Streaming Lines

04/15/2014, Tue
Categories: #JavaScript
Tags: #NodeJs

Line by Line

There are many streaming modules on npm to read lines from text files, but many are inaccurate and slow. Inaccurate means that there is a failure to read many lines and slow means that files with a lot of text per line will cause the modules to crawl.

Below are the lines counts and timings for reading a large json file, 'bird.json' with 909 lines. The json is densely packed, meaning there are a few lines that are very long.

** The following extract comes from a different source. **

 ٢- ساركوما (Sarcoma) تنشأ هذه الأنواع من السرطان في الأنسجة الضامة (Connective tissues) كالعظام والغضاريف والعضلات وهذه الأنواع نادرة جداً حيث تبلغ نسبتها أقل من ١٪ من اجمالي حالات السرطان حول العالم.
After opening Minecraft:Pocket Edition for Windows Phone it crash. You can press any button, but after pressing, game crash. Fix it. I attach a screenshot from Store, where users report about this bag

bird json time bird json line count time

Line-reader (excluded from graph) nearly slows to a standstill when reading a json file with dense lines, taking over 76 seconds to complete the read. This is an exception for line-reader because line-reader is usually comparable in speed to other streaming modules on less dense files as shown below.

Now testing line reading on 'War and Peace' founded on Gutenberg. This text file has 65008 lines.

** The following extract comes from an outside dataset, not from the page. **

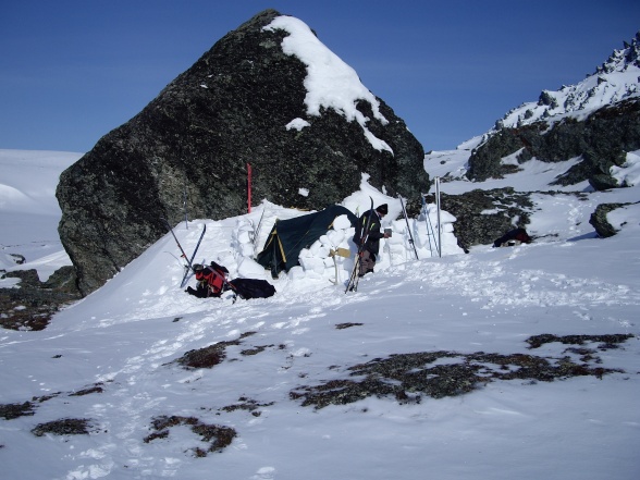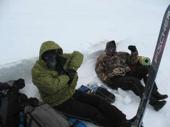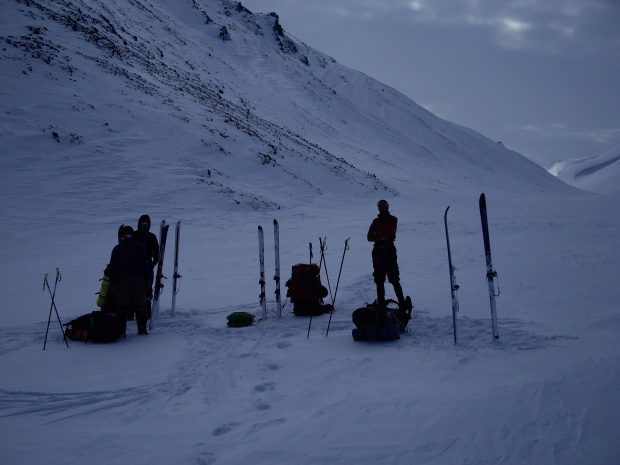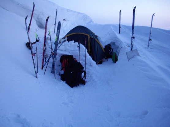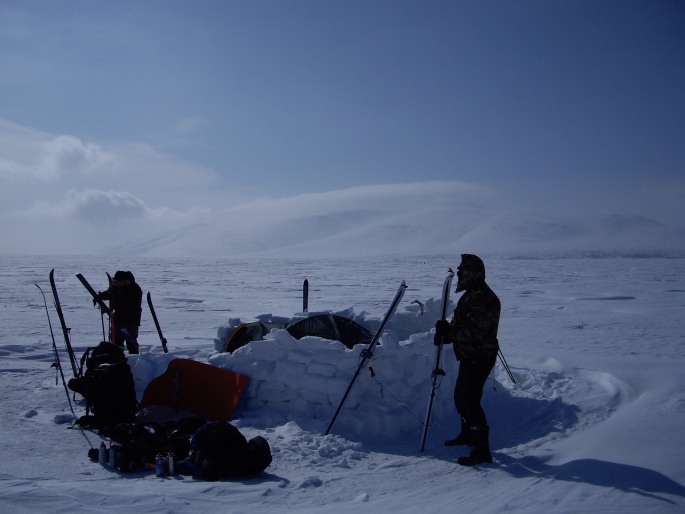 На лед реки спустились по крутому берегу траверсом. Здесь был такой снежный перемет, чтобы как раз заночевать с минимальными затратами. Снова варили бэрло. Осталась как раз последняя банка. С продуктами получилось все как раз кстати. Голодными мы никогда не были, но как будто ничего лишнего и не осталось, если не считать газовых баллонов. Но у нас иногда были и костры. Баллоны остались поэтому. Да и вообще лучше со стратегическим топливом перестраховаться: без еды еще пол беды, а не будет газа, можно остаться и без воды.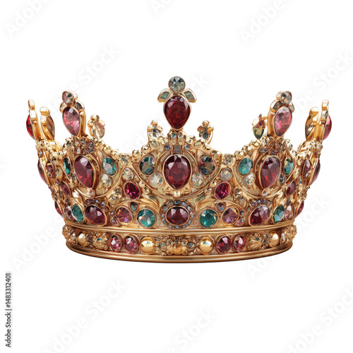 Opulent Golden Crown with Gems , isolated on white background png

war and peace time war and peace time line count

Linebyline errored out with 'RangeError: Maximum call stack size exceeded', while most of the stream readers are in the neighborhood of 300ms.

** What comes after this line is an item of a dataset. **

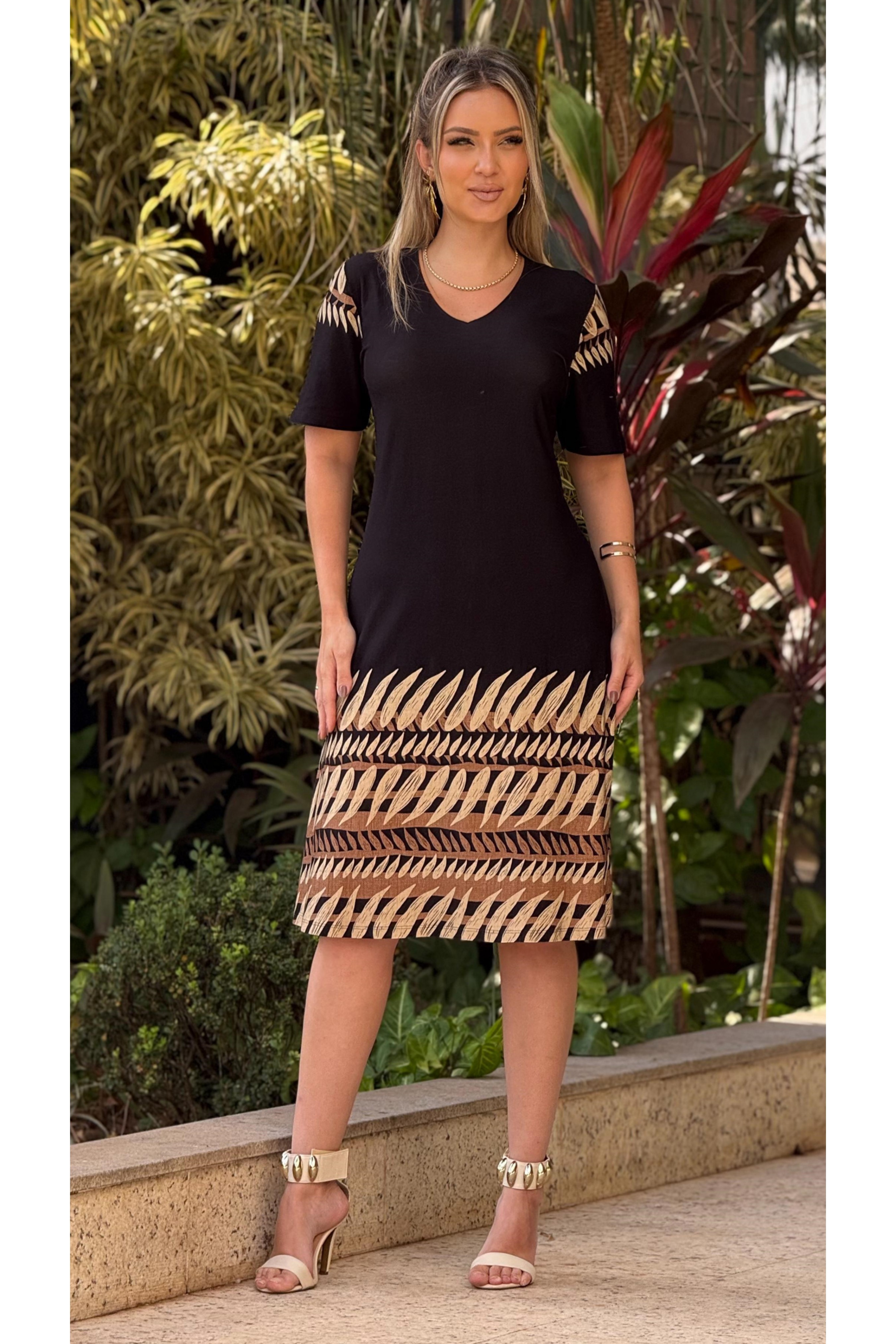 Vestido manga curta com estampa barrada exclusiva Ramany. Decote V com detalhe de vivo. Peça toda confeccionada em malha  que possui extremo conforto e um excelente caimento.

The files for the above benchmark is here.

Conclusion

It was surprising to see that some modules misread lines by a significant amount for 'bird.json' while almost all modules misreport the line count. The last line on both the json and text file is a blank line and often this is not read.

Most stream readers were not adept at reading the 'bird.json' file.

The more reliable streaming line reader module that I recommend would be 'split2' or 'split', since both are accurate on the line count and can handle densely packed files.